63195.fb2 Rynek Gl?wny, 29. Краков - читать онлайн бесплатно полную версию книги . Страница 2

Rynek Gl?wny, 29. Краков - читать онлайн бесплатно полную версию книги . Страница 2

Так постепенно Польшу оставят (каждый по своим мотивам) Ежи Косинский и Роман Поланский. Но Анна Фрайлих относилась к тем, кто не предусматривал в своей жизни смены места…

События 1968 года в Польше напоминали аналогичные ситуации, искусственно созданные, чтобы вынудить евреев выехать и таким образом очиститься от них, хотя именно в случае с Польшей евреи чуть ли не более всего были ассимилированы с этой страной и ее культурой, еще со Средних веков. Хотя, разумеется, не все было безоблачно…

Для меня неоспоримый факт заключается в том, что именно отъезд, вынужденная эмиграция ускорили появление поэтессы Анны Фрайлих.

Недавно в ее квартире на вечеринке, устроенной по случаю выхода в американском издательстве «EccoPress» самого полного Збигнева Герберта на английском, я потусовался в обществе многих важных нью-йоркских поляков. Анна хлопотала, приветствовала гостей, знакомила, сыпала комплиментами…

Вдова Герберта, Катажина Герберт, вспомнила о нашей с нею переписке.

Точнее, это я напомнил ей, что в середине 90-х, обитая в Кракове, написал на варшавский адрес Збигнева Герберта письмо с предложением встретиться. Ответила мне она, пани Катажина. А теперь мы с ней фотографируемся на память в манхэттенской квартире Анны.

Эльжбета

С Эльжбетой Чижевской мы часто встречались «возле Гертруды», памятника Гертруде Стайн. Ну с этой Гертрудой у меня вообще много чего связано, но это другая тема.

Польская Мэрилин Монро, как в свое время называли юную блестящую актрису кино и театра Эльжбету Чижевскую, жертвует карьерой ради своего мужа Дэвида Халберстама, тогдашнего корреспондента «New York Times» в Польше, который позже прославится как автор репортажной прозы про Вьетнам.

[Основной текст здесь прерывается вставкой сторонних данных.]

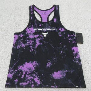 Under Armour Project Rock Iron Paradise "Do Not Go Gentle" Gym Workout Graphic Print Tank Top Black Purple
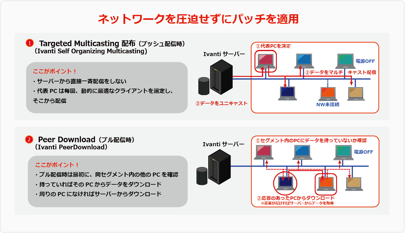 「Ivanti」は、アップデートファイルの配信に際し、WANへの影響を最小限に抑えることが可能です。具体的には、「Peer Download」と呼ばれるP2P技術を用い、拠点内の各セグメントの端末の中から自律的に代表クライアント(親端末)を選出して機能アップデートを行います。その後、親端末の周辺にある子端末は親端末から機能アップデートに必要なファイルを受信、さらに孫端末は周辺の子端末からファイルを受信・・と。いわばバケツリレー式に機能アップデートを行うため、WANとの通信は最初の親端末がダウンロードを行うときだけで済み、ネットワーク帯域の逼迫を防ぐことができます。

Зная, что коммунистическая Варшава недовольна статьями американского корреспондента и что его, очевидно, рано или поздно все-таки вытурят из Польши, Эльжбета делает еще один необдуманный шаг: едет с мужем на аэродром, чтобы попрощаться с послом Израиля, отозванным в знак протеста против антисемитской кампании 1968 года.

В фильме Вайды, хотя посвящен он Збигневу Цибульскому, уже название «Все на продажу» вызывает вопрос: «А что? Все ли на продажу, или все-таки что-то не продается?» Тогда, в 60-е, когда проблема моральности в ситуации выбора так часто вставала перед людьми из мира искусства в странах социализма, вопрос этот предполагал другой ответ. Не продавалось и не продается главное — чувство собственного достоинства перед искушениями, запугиванием, любыми тисками. Собственное достоинство иногда — врожденное качество, иногда его приобретаешь в обстоятельствах, которые и определяют твой выбор.

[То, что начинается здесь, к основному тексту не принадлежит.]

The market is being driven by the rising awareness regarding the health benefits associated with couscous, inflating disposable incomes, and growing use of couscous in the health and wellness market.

Почему-то на протяжении довольно эклектичного сюжета этого фильма в фильме персонажи все время ищут главного героя, который, как окажется, трагически погибнет под поездом, что полностью отвечает обстоятельствам гибели Цибульского — самой громкой легенды польского кино 60-х. Однако в фильме Эльжбета, которая играет жену погибшего актера, ищет его так, словно ищет себя. Или голос своего поколения, или ощущение хоть какого-то смысла, или свободу, которую глушили в Народной Польше. Все есть в фильме — и личное и общественное, но нужно искать прежде всего себя.

Ее брак с американцем, журналистом, да еще и евреем, не мог не повлиять на ее актерскую карьеру в Польше — этим поступком она обрекла себя на изгнание.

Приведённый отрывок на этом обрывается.